2. El lenguaje altamente engolado de Góngora responde claramente al estilo barroco. Dos eran las principales líneas del barroco en la literatura; el Conceptismo y el Culteranismo. El principal representante del Conceptismo fue Quevedo, esta expresión del barroco apuntaba a los contenidos, a la agudeza y la profundidad intelectual, al uso del ingenio recurriendo muchas veces a la ironía, las paradojas, buscando siempre la economía verbal. Por el contrario Góngora fue el mayor exponente del Culteranismo, que buscaba priorizar las formas por sobre el contenido, creando un mundo donde preponderara la belleza. Se buscaba hacer del arte un enigma, alejándose de toda vulgaridad, buscando emocionar a través de los sentidos. No debe entenderse que por esto fue un arte alejado de lo popular, porque en ese virtuosismo de la forma las expresiones mundanas de la época y sus usos fueron utilizadas y exaltadas.

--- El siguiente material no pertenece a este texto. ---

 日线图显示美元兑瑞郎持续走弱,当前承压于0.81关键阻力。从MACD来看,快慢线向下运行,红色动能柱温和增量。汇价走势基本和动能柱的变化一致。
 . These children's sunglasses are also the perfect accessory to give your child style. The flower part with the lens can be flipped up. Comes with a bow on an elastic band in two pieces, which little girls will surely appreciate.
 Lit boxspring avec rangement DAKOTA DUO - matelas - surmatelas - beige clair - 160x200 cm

3. Góngora fue capaz en su obra de mezclar estilos y también fue mutando desde sus primeros escritos hasta alcanzar una prosa designada como mayor en sus dos obras cúlmines, "Soledades, Primera y Segunda" (1612 y 1613), y la "Fabula de Polifemo y Galatea" (1612). A grandes rasgos trataré de caracterizar su obra. Utilizó los recursos de la retórica hispana como nadie antes, dotando a sus letras de innumerables artificios, y a tal punto fue ese su sello personal que hoy día ya no hablamos de culteranismo barroco, simplemente hablamos de "lo gongorino". Quizas de entre todas las figuras la que más usó fue el hiperbaton, esto es el cambio de orden en los términos de un enunciado. Ej; "Pasos errantes de un peregrino son", colocando en este caso el verbo al final de la frase, quebrando el modo que solemos utilizar de sujeto, verbo y predicado con sus complementos.

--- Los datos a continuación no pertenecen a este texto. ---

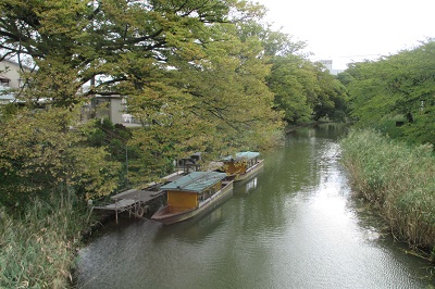 江沼神社から大聖寺川に沿った道を上流方向に少し行くと、大聖寺川下りの乗船場があり、この街を一層風情あるものにしている。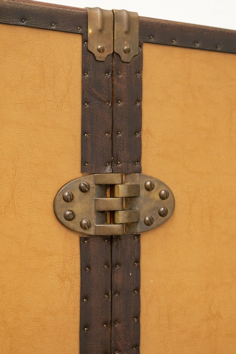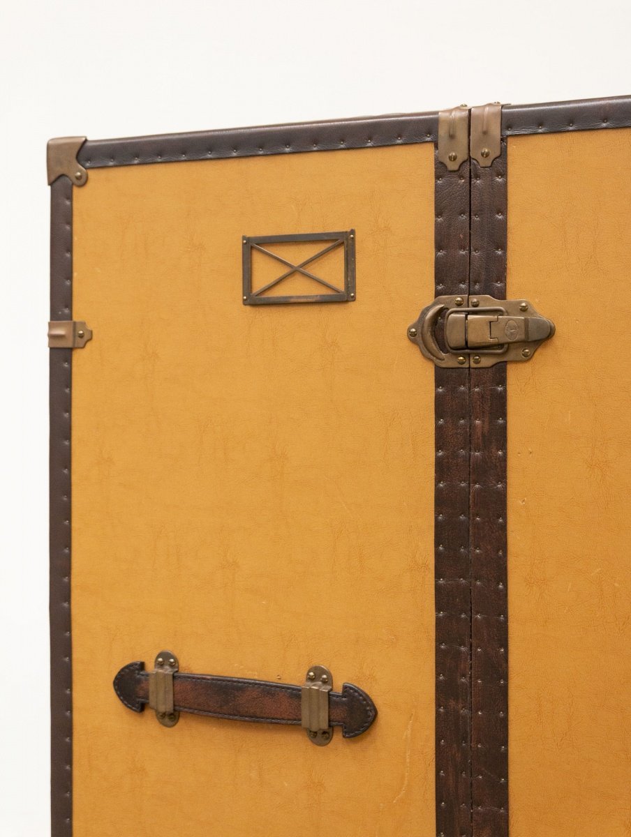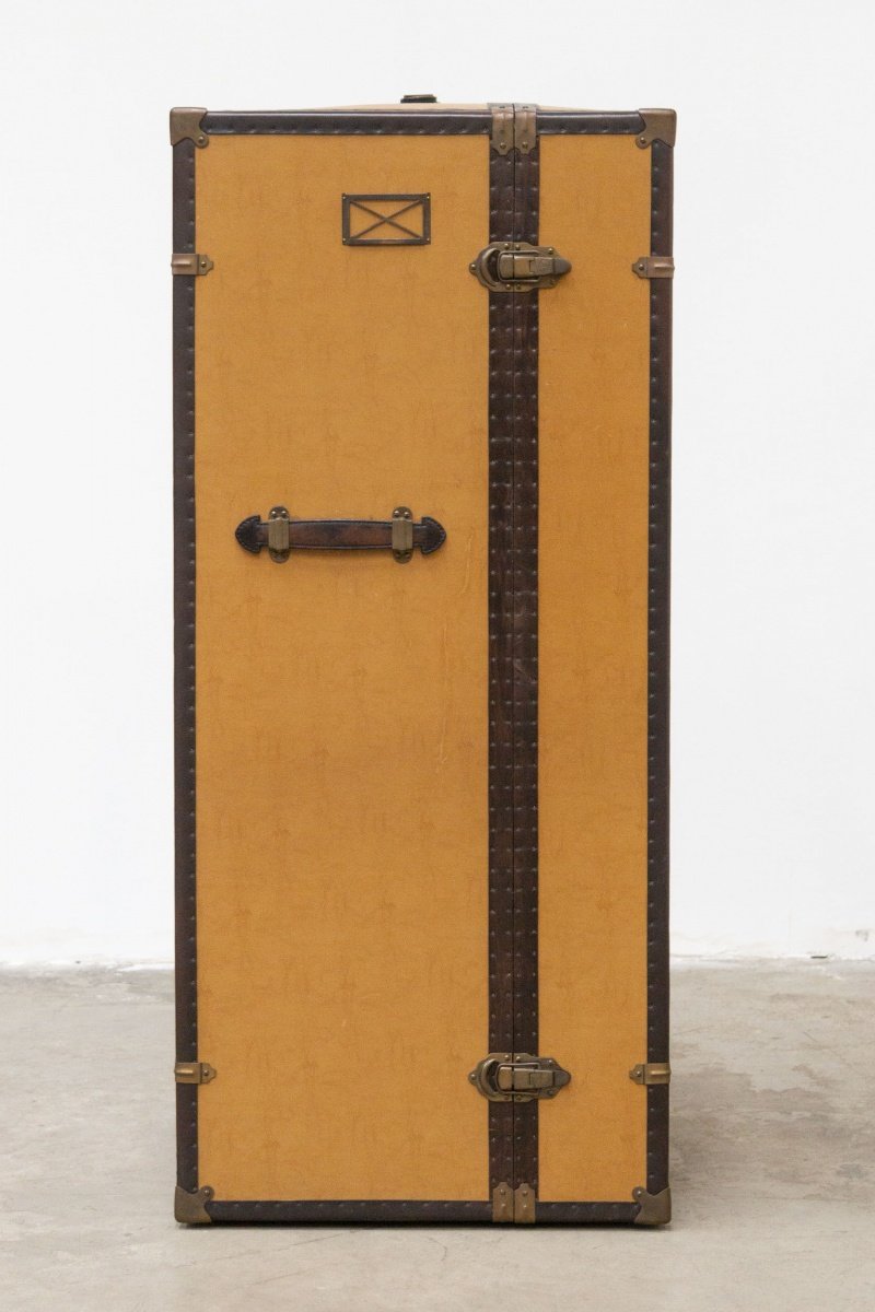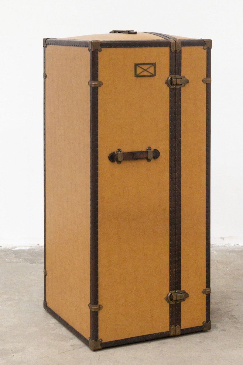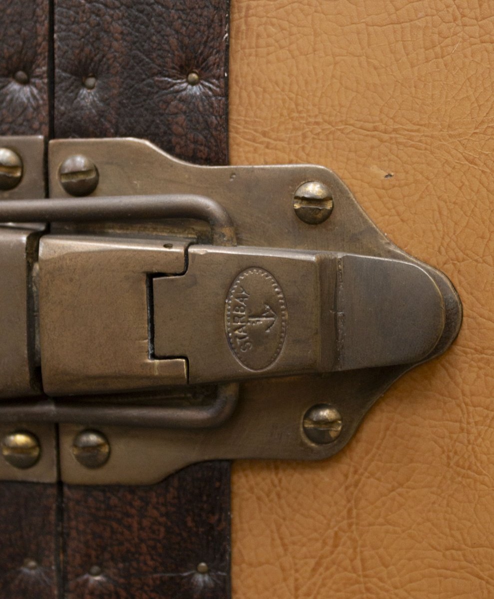 Das Äußere ist mit Leder gepolstert, die Griffe sind aus Leder, die Schlösser und andere Metallteile sind aus Messing.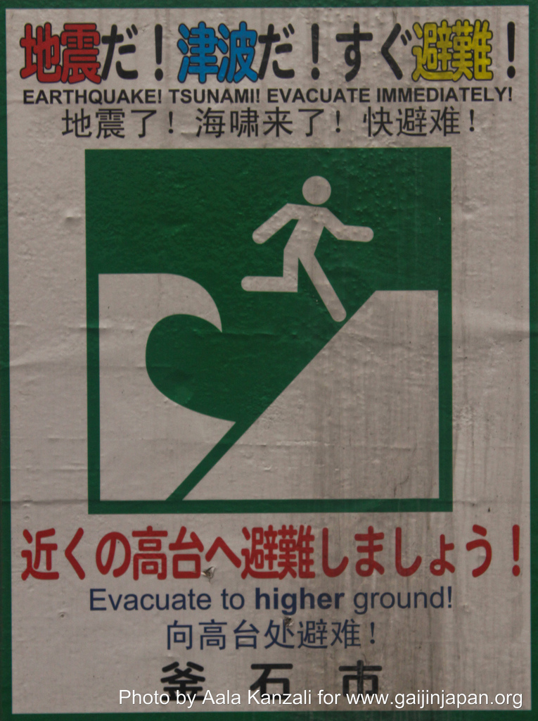 J’ai pu aussi constater que tout autour de la ville des panneaux de signalisations rappelaient la probabilité de Tsunami et qu’il fallait dans ce cas se réfugier dans les hauteurs avoisinantes. Il faut savoir que Kamaishi est une ville construite en bord de mer, avec un port marchand, et qu’elle est entourée de collines. La ville est comme prise en sandwich entre la mer et les collines.

Pero hubo otros tantos recursos que también utilizó, entre ellos: perífrasis, hiperbole, personificación, antítesis, enumeración, simil, yuxtaposición, anáforas, paralelismos. Les invito a profundizar y conocer cada uno de ellos. Rescató también viejas tradiciones de la escritura clásica como la escritura de octavas, estrofas de ocho versos endecasílabos, típico de renacimiento italiano, en la escritura de Boccacio, Ariosto y Tasso, pero también muy usado por su compatriota y precursor Garcilaso de la Vega. Otro recurso de la lírica y épica clásica reeditado por Góngora fue la mención a personajes y hechos de la mitología greco-latina.
Góngora incursionó en variados géneros y estilos, la poesía surgida de la lírica, la narrativa derivada de la épica, y los romances burlescos muy asociados a la picaresca medieval y cercanos al teatro aún sin serlo. Sólo le faltó experimentar con el ensayo.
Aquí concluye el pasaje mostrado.